Melihat itu, pembuluh darah rekan-rekannya
pun mendidih. Anak remaja kedua yang bernama Samurah bin Jundub tampil ke depan
dengan penuh kesopanan ia memperlihatkan kedua lengannya yang kuat dan kekar.
Beberapa orang dari keluarganya mengatakan kepada Rasulullah, “Samurah
mempu merobohkan orang berbadan tinggi sekalipun.”
Rasulullah menyambutnya dengan senyuman penuh
kasih sayang dan mengizinkannya ikut berperang. Kedua remaja ini memang telah
berumur 15 tahun, di samping pertumbuhan badan juga kuat.

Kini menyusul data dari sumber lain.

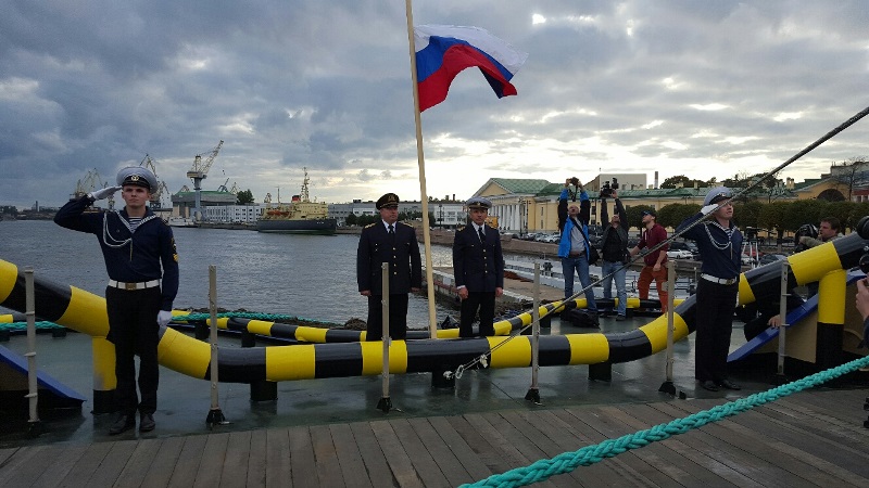 Russian Flag Hoisted on-board of Vladivostok Icebreaker
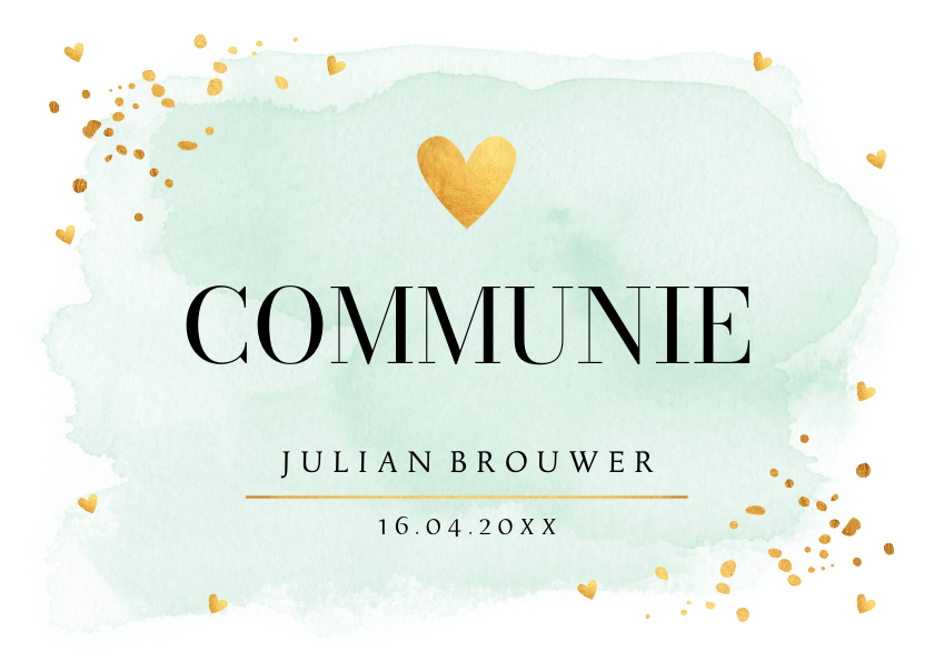 Stijlvolle communiekaart voor een jongen met waterverf groen en goudlook hartjes. Geen goudfolie/inkt!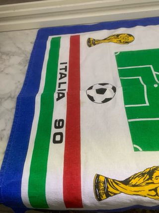 Telo in cotone con design ispirato a Italia '90. - Raffigurazione di un campo da calcio. - Motivo con coppe del mondo. - Decorato con palloni da calcio. - Bordi con i colori della bandiera italiana e blu. Telo in cotone a tema Italia 90, perfetto per gli appassionati di calcio buone condizioni generali presentano delle macchie visibile in foto vendo a 3 euro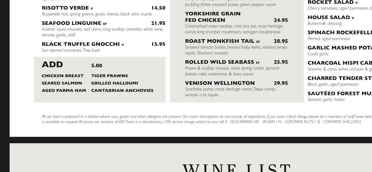 The menu at The Whitehall Restaurant & Bar is a showcase of both creativity and versatility, catering to a wide range of tastes and dietary preferences. Starters such as Scottish King Scallops, Loch Duart Salmon, French Onion Soup, and Duck Duck Goose set a sophisticated tone, while small plates like Potato Croquettes, XO Crispy Scottish Squid, and Crispy King Prawns provide lighter, shareable options. For raw seafood lovers, Lindisfarne, Cumbrae, Yellow Fin Tuna Tartare, and Dry Aged Beef Tataki offer freshness and precision. The salad section impresses with offerings like Super Food Salad, Grilled Chicken Caesar, and Torched Burrata Tuna Niçoise Salad. Grill and main dishes deliver heartier fare, including Tasting of Nidderdale Lamb, Duo of Chester White Pork, Saute Chicken ‘Marengo’, Wild Atlantic Halibut, and Scottish Sea Trout. Pasta enthusiasts can choose from Linguine Pistou, Pappardelle Pomodoro, Risotto Milanese, Seafood Linguine, and Black Truffle Gnocchi, while pizza options like Parma Ham, Pepperoni, Sea Tiger Prawn, and Goats Cheese add a casual indulgence. Sides are equally tempting, from Triple Cooked Chips and Truffle & Parmesan Fries to Spinach Rockefeller and fresh House Salad. Desserts are a perfect finish, featuring Banoffee Profiteroles, Sticky Toffee Pudding, Summer Berry Cheesecake, and Salted Caramel & Dark Chocolate Tart. The menu thoughtfully extends to gluten-free and vegan diners, with options such as Black Truffle Pasta, Seafood Risotto, Vegan Cheese & Tomato Pizza, and Chilled Tropical Rice Pudding. Even the kids’ menu is thoughtfully curated, offering Margherita Pizza, Roast Chicken & Mushroom Pizza, Crispy Chicken Goujons, and Mini Fish & Chips, alongside treats like Chocolate Brownie and Ice Cream Selection. Overall, the menu strikes a balance between refined flavors, approachable comfort, and inclusivity, making it an impressive culinary offering at the heart of Leeds.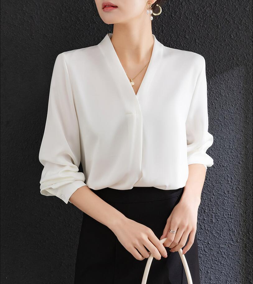 - 秋冬/シャツ ブラウス トップス レディース 長袖 無地 ゆったり きれいめ オシャレ Vネック シャツ 上品 OL 通勤 お出かけ オフィス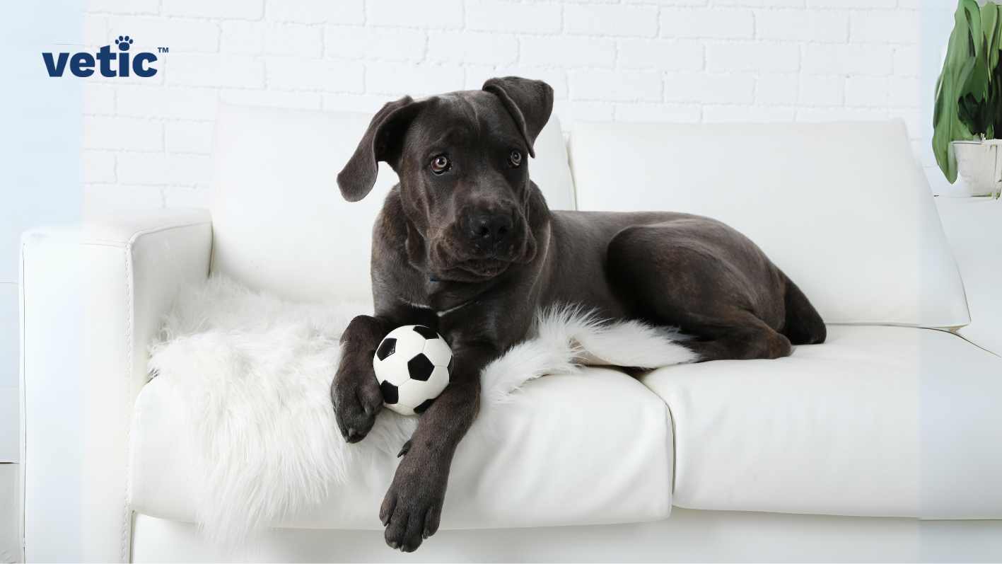 The image features a dark-colored junior dog, a Cane Corso, lying on a white sofa. The dog is holding a small black and white soccer ball with its front paws. A fluffy white rug or blanket is under the dog, adding contrast to its dark fur. In the background, there’s a white brick wall and part of a green plant visible on the right side of the image. Adopting a Cane Corso in India can be difficult considering where you live and how pet friendly how neighbours are.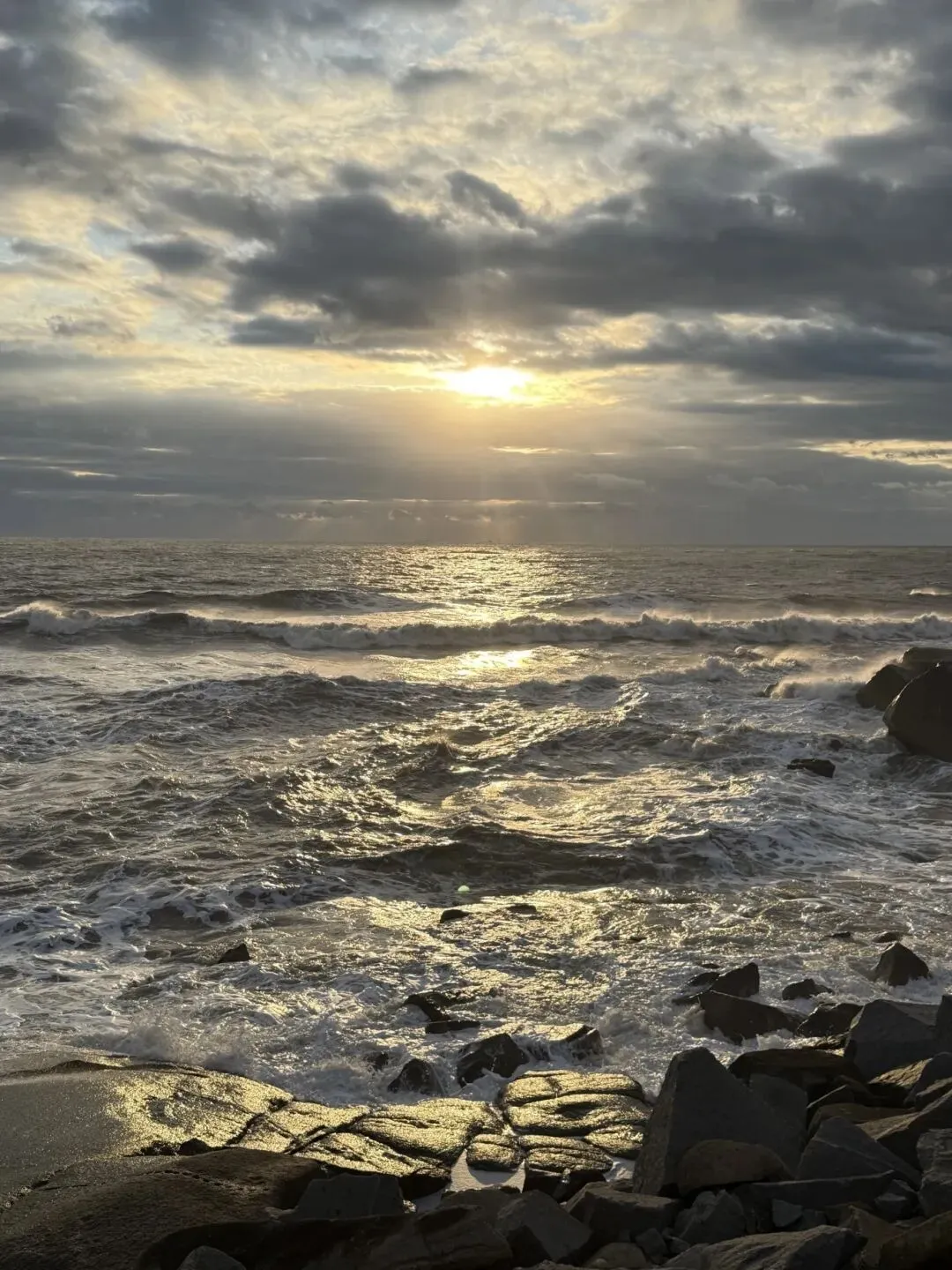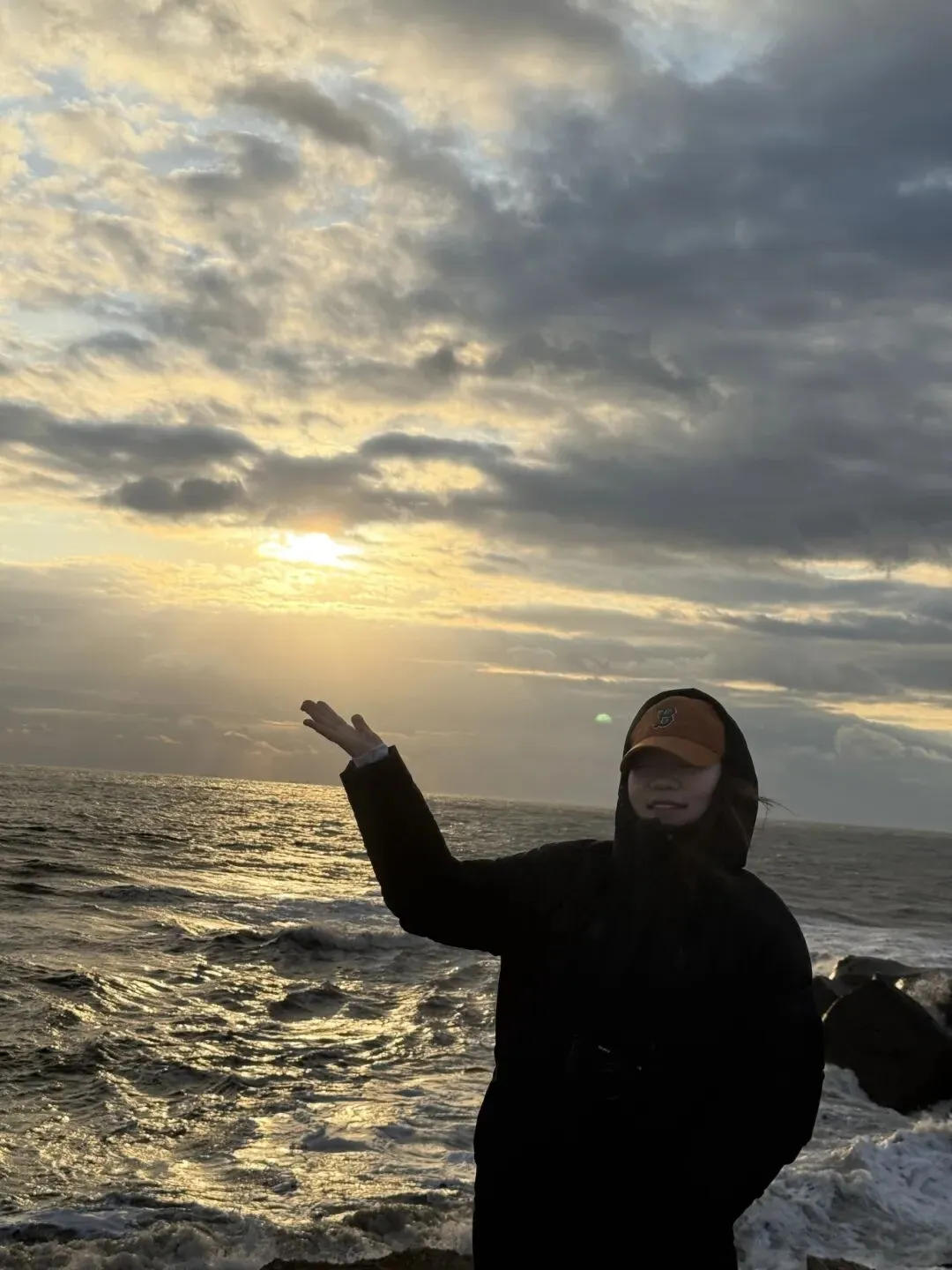 在海边呆了一个多小时,从起初天气多☁️,到太阳完全升起,期间有不少人都走了,还好我们坚持等着,最终看到了光亮的样子,非常圆满。
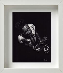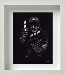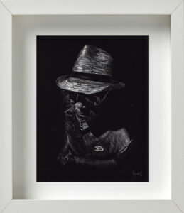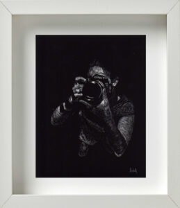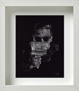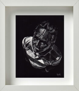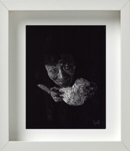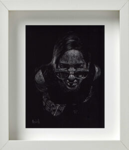 En otro espacio de la galería colgaban unos cuadros de pequeño formato, elaborados mediante el procedimiento del scratchboard; un método que consiste en dibujar con un objeto puntiagudo sobre una cartulina laminada (de color negro en su caso específico), sobre la que se va develando la imagen mediante la acción de rallado. Aunque Alejandro me aclaró que hacía muy poco tiempo que había descubierto los beneficios técnicos de este recurso, el resultado final de las piezas ponía de manifiesto lo rápido que los había llegado a dominar. Eran estas en realidad las obras más acabadas y sugerentes del proyecto Silencio.

Masih tersisa enam remaja lain selain
mereka berdua, di antaranya Zaid bin Tsabit dan Abdullah bin Umar. Mereka terus
saja berusaha dengan segala upaya agar diizinkan untuk ikut berperang, ada yang
mengungkapkannya dengan memohon-mohon dengan penuh harapan, ada yang sampai
menangis, dan ada juga yang menunjukkan otot-otot lengan mereka. Tetapi, usia
mereka yang masih terlalu muda dan tulang tubuh mereka yang masih lemah,
Rasulullah menjanjikan mereka untuk ikut di pertempuran mendatang.
Zaid sendiri bersama rekan-rekannya
memulai peran mereka sebagai Mujahidin di jalan Allah dalam Perang Khandaq,
pada tahun V hijrah.
Kepribadiannya sebagai seorang Muslim yang
beriman terus tumbuh dengan cepat dan menakjubkan. Ia bukan hanya terampil
sebagai pejuang, melainkan juga sebagai tokoh intelektual yang memiliki beragam
keunggulan. Ia tidak henti-hentinya menghafal Al-Qur’an, menuliskan wahyu untuk
Rasulullah, serta unggul dalam ilmu dan hikmah.
Ketika Rasulullah mulai menyampaikan
dakwahnya ke seluruh negeri di luar Madinah, dan mengirimkan surat kepada para
raja dan kaisar dunia. Beliau mengutus Zaid mempelajari bahasa asing, dan ia
pun berhasil menguasainya dalam waktu yang singkat.
Demikianlah kepribadian Zaid bin Tsabit
yang cemerlang, dan mendapatkan tempat yang mulia di tengah-tengah masyarakat
Muslim. Ia menjadi orang yang dihargai dan dihormati oleh kaum Muslimin.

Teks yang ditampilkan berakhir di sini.